As the 2025
Roland Garros progresses,
Stefanos Tsitsipas,
Alexander Zverev, and their next gen contemporaries share the spotlight with tennis' new kings,
Carlos Alcaraz and
Jannik Sinner . Once seen as the heirs to the Big Three era, these two now find themselves at an awkward spot, squeezed between legendary predecessors and a new wave of prodigies.
Tsitsipas Reflects on his career
Stefanos Tsitsipas, twice a Grand Slam finalist and currently ranked well below his career-best No. 3, shared in a recent interview in Paris about the challenges his generation faces:
“I feel like the lineup right now is much more difficult than it was back then (2021, when he was a finalist at Roland Garros). Players are so much more mature. Shots have changed. Players have second forehands in this very moment. They're playing with two forehands almost. I have to adapt my game.”
Tsitsipas, reflecting on his past Grand Slam finals, said that the evolution isn’t about tactics or fitness but about the intensity that has overtaken tennis, especially with the rise of Jannik Sinner and Carlos Alcaraz at the top.
“I have to consider certain things moving forward because it's [tennis] growing a lot in intensity, and physically it has never been in a position like the way it is now.
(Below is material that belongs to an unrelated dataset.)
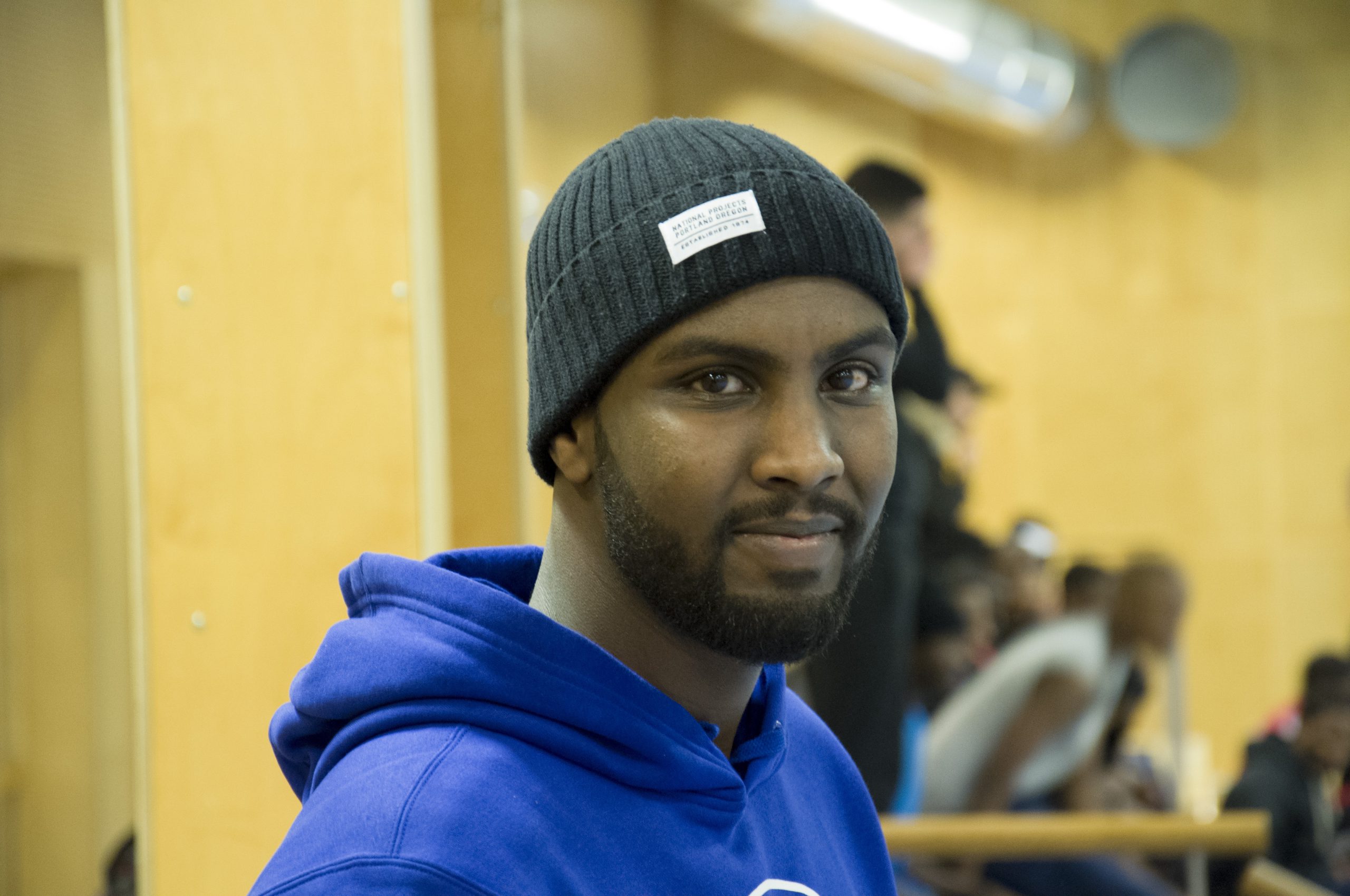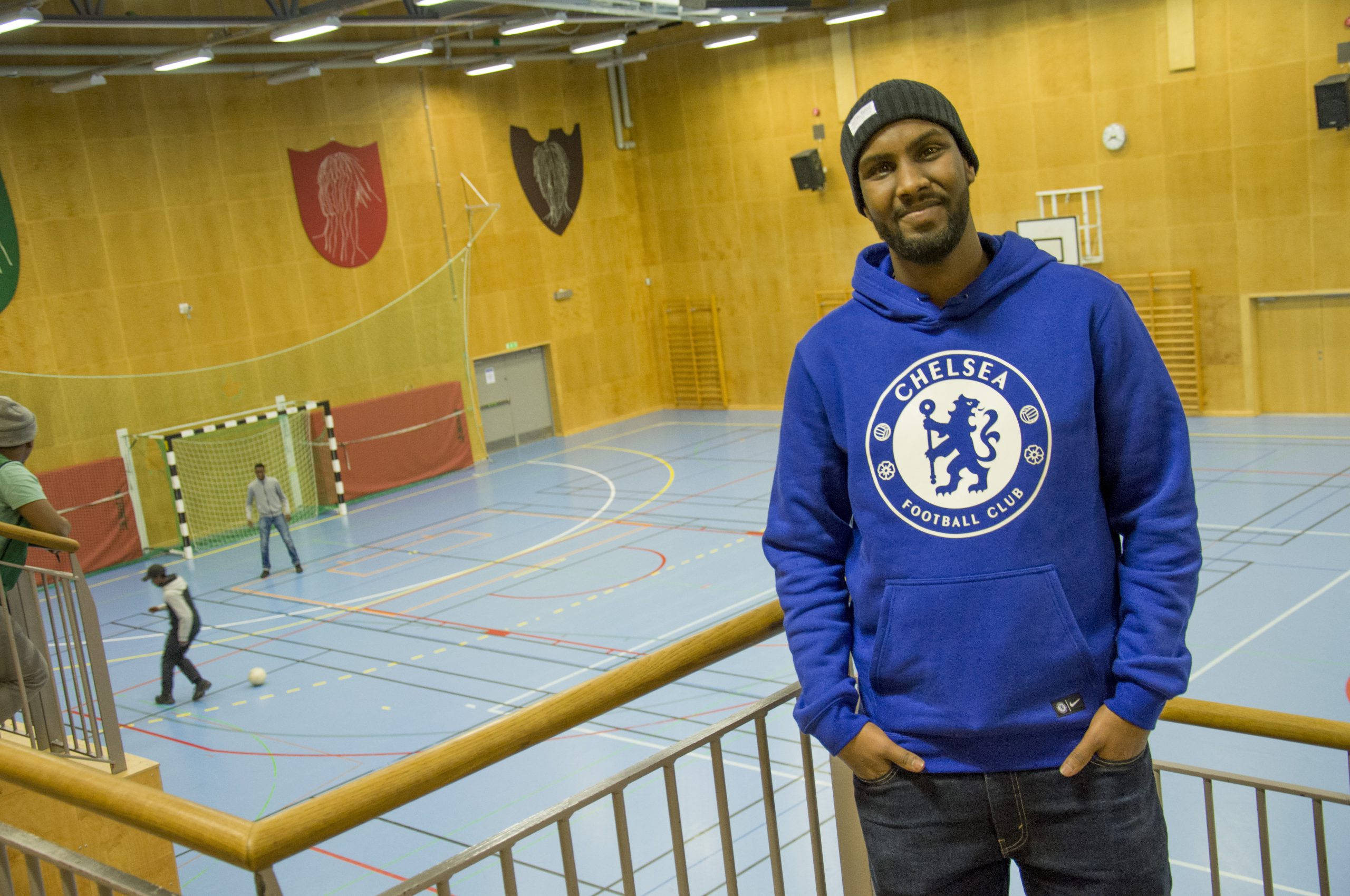 Vi har en halvtimme på oss, meddelar Harun Abdulahi. Sedan börjar nästa aktivitet som han måste hjälpa till med. Vi slår oss ned i ett av idrottshallens kontor.

I see constant evolution and constant growth of the sport in terms of how the players are evolving and how much better they're getting.”
Tsitsipas began his Roland Garros 2025 journey with a solid win against Argentina's Tomas Martin Etcheverry.
“Also, there are a bunch of guys now (presumably, youngsters like Jacob Mensik, Joao Fonseca) that are following in their footsteps and showing the same type of potential.”
Tennis analysts have named Tsitsipas, Zverev, Daniil Medvedev, and Andrey Rublev the “Sandwich Generation.” These players emerged under the ATP’s “Next Gen” banner, only to find themselves wedged between two dominant forces: the lingering greatness of Federer, Nadal, and Djokovic, and the meteoric rise of Sinner and Alcaraz.
While some of them had managed to win a Slam or a major accolade (Daniil Medvedev’s US Open title and Zverev’s Olympic gold among them) the rest has struggled a lot to win that coveted major. Zverev, in particular, remains the most decorated player without a major, despite a career that began with a bang in 2017.
Zverev himself recognized the unique challenge his era has presented. As he began his Roland Garros campaign, he reflected on the near-impossible task of breaking through during the Big Three’s reign:
“I wish I would not have had the three greatest players of all time for the first ten years of my career. I think I would have won maybe one or two Slams by now, and probably a few more tournaments. But at the same time, it was a privilege playing them. I enjoyed every moment of it.”
Daniil Medvedev, the only Next Gen player with a major title, seems less convinced about that major change in terms of quality and skill:
“It’s tough to say exactly about the level. Everyone is playing strong. Everyone wants to win. It's always tough. I do think it was the same all the time.”